April 30th, 2023 No comments

DEP Pinelands Roadside Logging Would Look EXACTLY Like Glassboro WMA Clearcut

DEP Plan Would Clearcut 13 Miles Of Pinelands Roadsides & Log 1,400 Acres Of Forest

Source: NJ DEP roadside clearcut at Glassboro WMA

Source: NJ DEP roadside clearcut at Glassboro WMA

The above photo was taken by DEP enforcement staff at the illegal Glassboro Wildlife Management Are clearcut. That’s only a couple of hundred feet of roadside clearcut.

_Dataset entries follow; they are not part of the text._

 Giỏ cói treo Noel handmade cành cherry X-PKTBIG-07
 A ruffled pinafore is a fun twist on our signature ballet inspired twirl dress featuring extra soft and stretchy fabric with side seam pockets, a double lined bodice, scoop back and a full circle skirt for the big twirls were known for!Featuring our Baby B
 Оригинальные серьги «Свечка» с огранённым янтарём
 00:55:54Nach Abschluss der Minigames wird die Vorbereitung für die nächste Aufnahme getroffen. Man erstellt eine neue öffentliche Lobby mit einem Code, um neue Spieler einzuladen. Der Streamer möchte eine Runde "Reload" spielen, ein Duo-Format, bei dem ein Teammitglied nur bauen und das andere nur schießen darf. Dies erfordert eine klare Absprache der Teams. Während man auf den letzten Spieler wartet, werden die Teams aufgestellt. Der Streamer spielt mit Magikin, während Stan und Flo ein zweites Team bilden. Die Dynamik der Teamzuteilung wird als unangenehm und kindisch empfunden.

But take a good look at it, because – if it is allowed to go forward – the flawed DEP’s Pinelands “Forestry” plan will look very similar, but not for a few hundred feet  – but along 13 MILES of Pinelands Roads (100 foot wide clearcut, plus another 100 feet wide intensively “thinned” forest logging and “feathering treatments”.)

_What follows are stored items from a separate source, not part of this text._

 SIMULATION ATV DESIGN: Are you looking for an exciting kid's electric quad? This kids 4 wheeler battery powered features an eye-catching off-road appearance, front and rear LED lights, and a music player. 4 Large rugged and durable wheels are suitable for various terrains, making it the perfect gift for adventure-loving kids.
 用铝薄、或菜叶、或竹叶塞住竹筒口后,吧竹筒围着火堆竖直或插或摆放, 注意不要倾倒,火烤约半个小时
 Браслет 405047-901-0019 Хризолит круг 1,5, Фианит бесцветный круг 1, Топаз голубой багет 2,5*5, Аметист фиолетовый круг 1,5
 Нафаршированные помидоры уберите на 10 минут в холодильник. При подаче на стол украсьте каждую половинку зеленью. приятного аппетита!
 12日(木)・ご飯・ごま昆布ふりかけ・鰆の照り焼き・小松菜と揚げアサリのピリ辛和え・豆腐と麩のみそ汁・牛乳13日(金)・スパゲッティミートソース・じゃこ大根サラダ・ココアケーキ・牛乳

DEP calls this clearcutting a “firebreak”.

But abundant evidence and DEP’s own analysis and public statements about previous Pinelands wildfires demonstrate that it will not work. Intense canopy fire, high winds, and blowing embers easily will drive the fire to jump the firebreak.

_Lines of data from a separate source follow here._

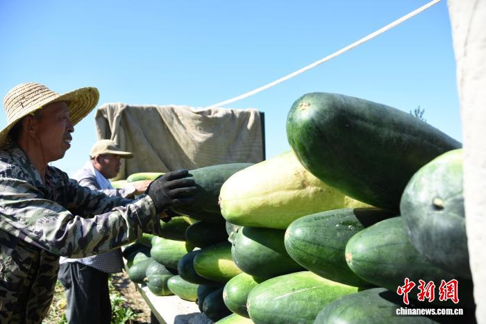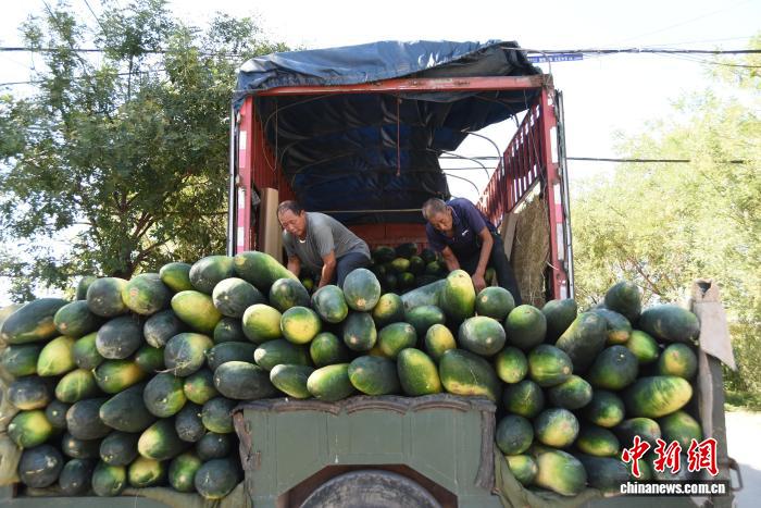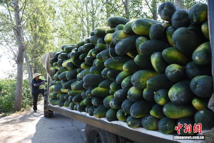 图为农家将采戴的乌皮冬瓜拆车运去边疆发卖。 王宇 摄
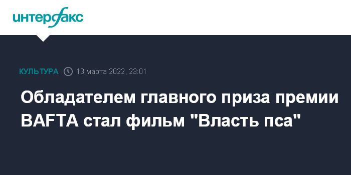 Москва. 13 марта. INTERFAX.RU - Фильм "Власть пса" режиссера Джейн Кэмпион стал обладателем главной награды премии Британской академии кино и телевизионных искусств BAFTA.
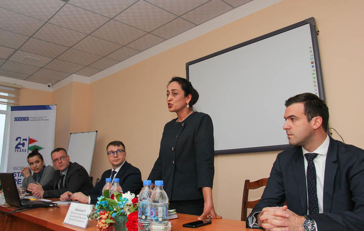 Аҳмадзода Зулфия, ноибректори Донишкадаи идоракунии давлатии назди Президенти Тоҷикистон ҳангоми муроҷиаташ ба иштирокдорони тренинг, Душанбе, 18 декабр 2019.

The DEP Pinelands logging plan was scheduled to begin this March-April.

It must be stopped in light of the Glassboro disaster.

See my letter below to DEP Commissioner LaTourette urging his to stop this logging project – a project, like Glassboro WMA, that got virtually no public review either.

It would be nice if a lot of people and groups made this demand to DEP and asked that it be Statewide in scope. All it takes is a letter to DEP and a press release. I copied Carleton (PPA) and Emile (NJCF) and Sierra Club, but I doubt they will do anything unless you shame them into it (particularly because they all SUPPORTED this DEP plan).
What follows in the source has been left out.